With so much of the media focused upon technology companies as those that innovate the best, here is a company story that is as Rust Belt as you can get, that has provided a 387% return over the last five years that is first on the Standard & Poors index.
"In an industry as Rust Belt as they come, Nucor (NUE) has nurtured one of the most dynamic and engaged workforces around. The 11,300 nonunion employees at the Charlotte (N.C.) company don't see themselves as worker bees waiting for instructions from above. Nucor's flattened hierarchy and emphasis on pushing power to the front line lead its employees to adopt the mindset of owner-operators. It's a profitable formula: Nucor's 387% return to shareholders over the past five years handily beats almost all other companies in the Standard & Poor's 500-stock index, including New Economy icons Amazon.com (AMZN), Starbucks (SBUX), and eBay (EBAY). And the company has become more profitable as it has grown: Margins, which were 7% in 2000, reached 10% last year.
"Nucor gained renown in the late 1980s for its radical pay practices, which base the vast majority of most workers' income on their performance.
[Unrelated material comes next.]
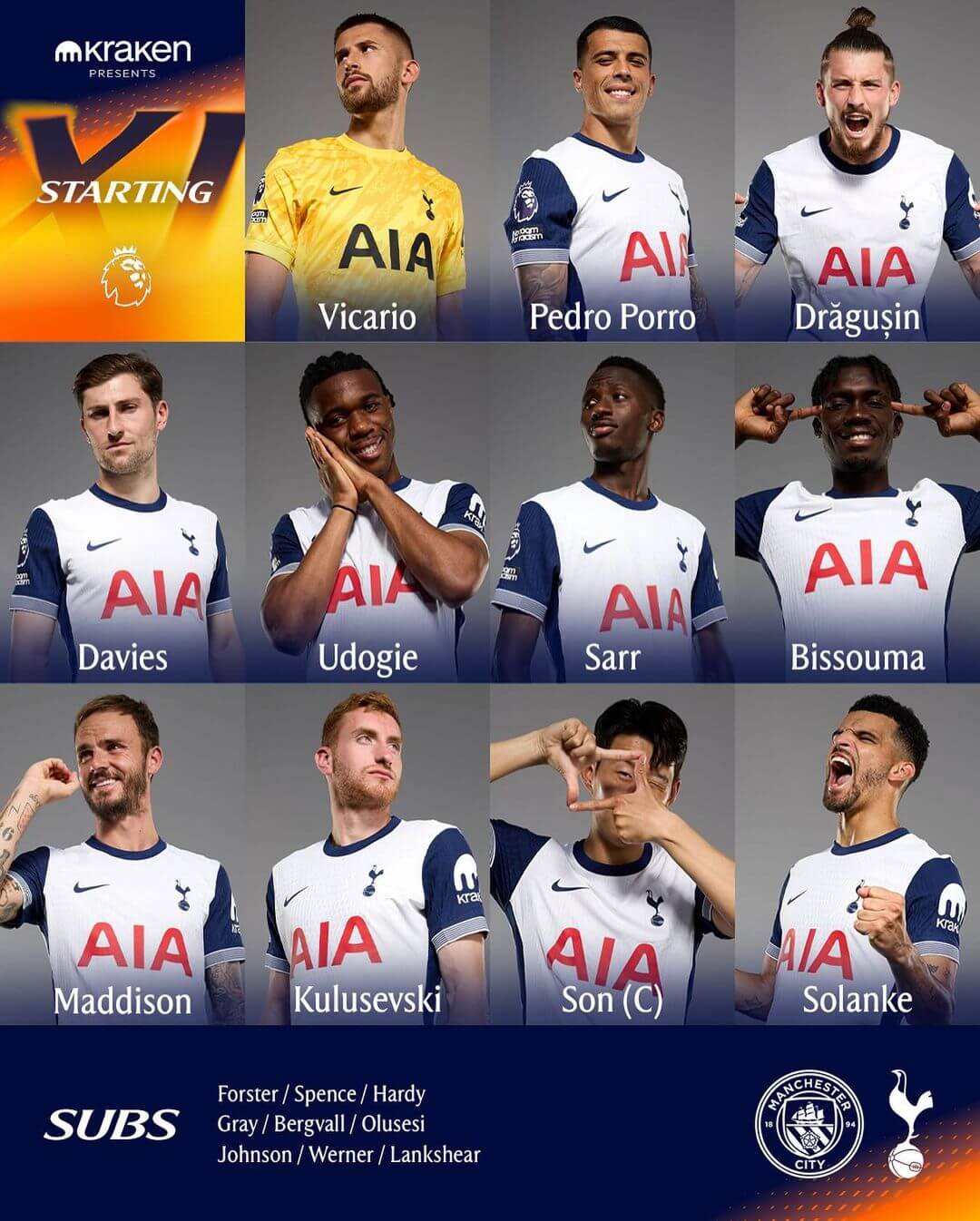 토트넘은 엔제 포스테코글루 감독의 지휘 아래 4-2-3-1 포메이션을 채택했습니다. 골키퍼로는 굴리엘모 비카리오가 출전하였으며, 수비 라인은 페드로 포로, 라두 드라구신, 벤 데이비스, 데스티니 우도기로 구성되었습니다.
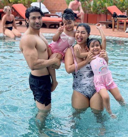 The carousel post begins with a heartwarming pool moment where Gurmeet is seen holding one of their daughters while Debina, dressed in a stylish swimsuit, lifts the other.

An upstart nipping at the heels of the integrated steel giants, Nucor had a close-knit culture that was the natural outgrowth of its underdog identity. Legendary leader F. Kenneth Iverson's radical insight: that employees, even hourly clock-punchers, will make an extraordinary effort if you reward them richly, treat them with respect, and give them real power.
"Nucor is an upstart no more, and the untold story of how it has clung to that core philosophy even as it has grown into the largest steel company in the U.S. is in many ways as compelling as the celebrated tale of its brash youth. Iverson retired in 1999. Under CEO Daniel R. DiMicco, a 23-year veteran, Nucor has snapped up 13 plants over the past five years while managing to instill its unique culture in all of the facilities it has bought, an achievement that makes him a more than worthy successor to Iverson."
This just shows that those that seriously take employee empowerment, input, respect and reward can rise to great heights no matter what industry they are involved in. Who would think that a steel company would be the best performer in the Standard & Poor's 500 over the last five-year period?